How companies can tackle the problem

Tweaking the design of insurance plans is one area employers can look into, says Joan Collar, managing director and employee health and benefits leader for Asia at Marsh (Singapore) Pte Ltd. “Most organisations tend to not change their plan design for a long time, so it is important that you take the data the insurance companies and brokers provide to understand what the key drivers are and look at the plan design changes that have taken place.

“They should look at the plans that are driving higher utilisation, which demographic has the highest claims and what type of illness patterns are observed in insurance claims.
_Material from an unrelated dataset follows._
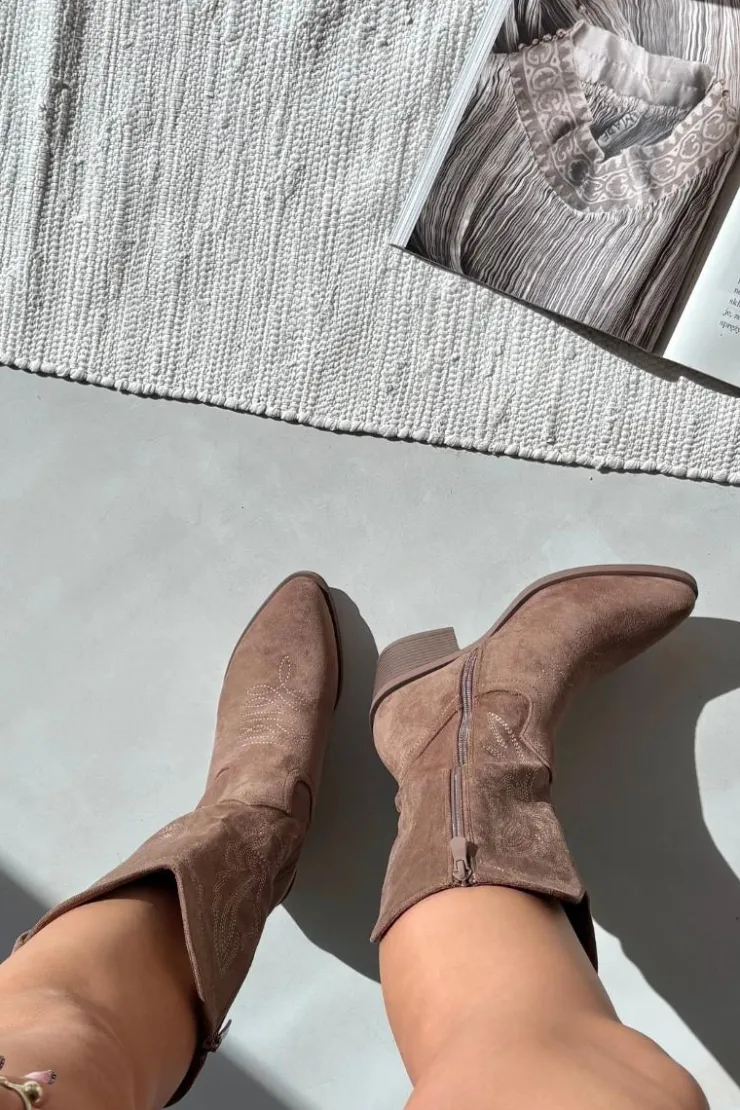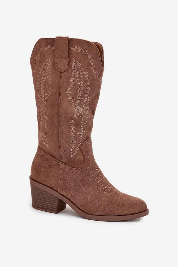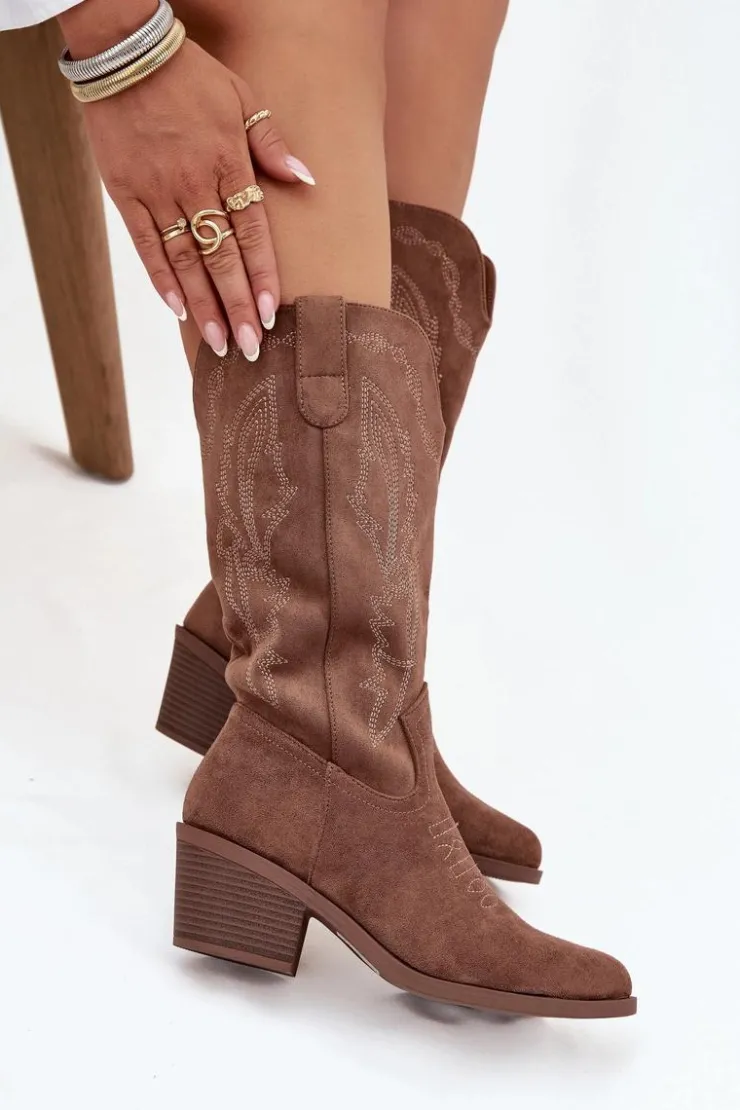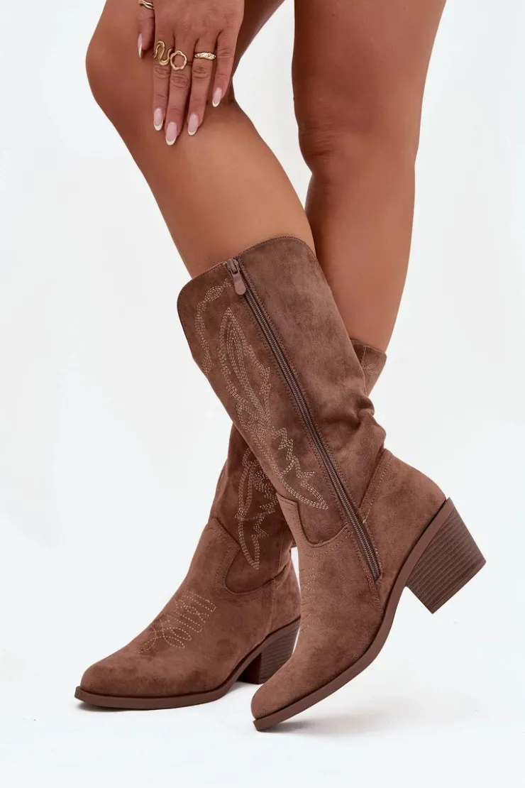 Kozaki kowbojki od marki Vinceza to połączenie klasycznego westernowego stylu z nowoczesnym, miejskim lookiem. Wykonane z eko zamszu, prezentują się lekko i stylowo, a charakterystyczne przeszycia podkreślają kowbojski charakter butów. Noski w kształcie migdała dodają im kobiecego akcentu, a stabilny obcas zapewnia wygodę i pewny krok. Model jest ocieplany, co gwarantuje komfort w chłodniejsze dni, a zamek po boku ułatwia szybkie zakładanie. Przy wyborze rozmiaru prosimy sugerować się tabelą rozmiarów.

They can use this information to bring about change and reduce the overall cost of insurance premiums.”

She adds that it is crucial for organisations to vigorously collect and evaluate their data before making amendments to suit their employees’ needs.

The report says the top three ways employers are engaging to improve the health plans of their employees or contain healthcare costs are by implementing flexible benefit programmes, creating or expanding onsite clinical services and creating or expanding wellness programmes. It adds that more organisations are implementing consumer-based healthcare options — for example, requiring employees to pay a portion of their claims such as co-insurance and deductibles.

Collar reminds employers that their approach in designing their company benefits programme has a direct impact on employee well-being and productivity. “When employers reduce benefits — for example, by restricting your medical coverage, the panels you are allowed to visit, the drugs the physician is allowed to prescribe or even the push for co-insurance — this clearly will have an impact on your productivity and engagement levels because you feel that your benefits have been taken away.”

The impact of such restrictions are greater if one does not possess a comprehensive personal medical insurance. “This is the reality in Malaysia. The average individual does not have sufficient coverage or just does not purchase the right kind of coverage. When he buys insurance, it tends to be life insurance, not medical because he feels that the employer will provide the coverage, or there is always the government hospital to fall back on,” says Collar.

“But the cost of healthcare is taking a toll on the public coffers as well. The cost of care provided by the government will soon become an issue. There will be more cost pressures, whether we are prepared for it or not.”

To mitigate this, she suggests that employers engage the Employees Provident Fund — one of the largest statutory retirement funds in the region — in discussions to consider enabling contributors to use their contributions to buy portable medical insurance coverage. “This will complement your employers’ coverage and you will have continuous medical care when you move from one employer to another,” she says.

Collar recognises that it will take a lot of determination to implement such mechanisms as policies will have to change. “I hope that employers can influence the EPF to consider this. But it will take a much larger policy and infrastructure change to ensure that the portability is there and every individual has adequate coverage,” she says.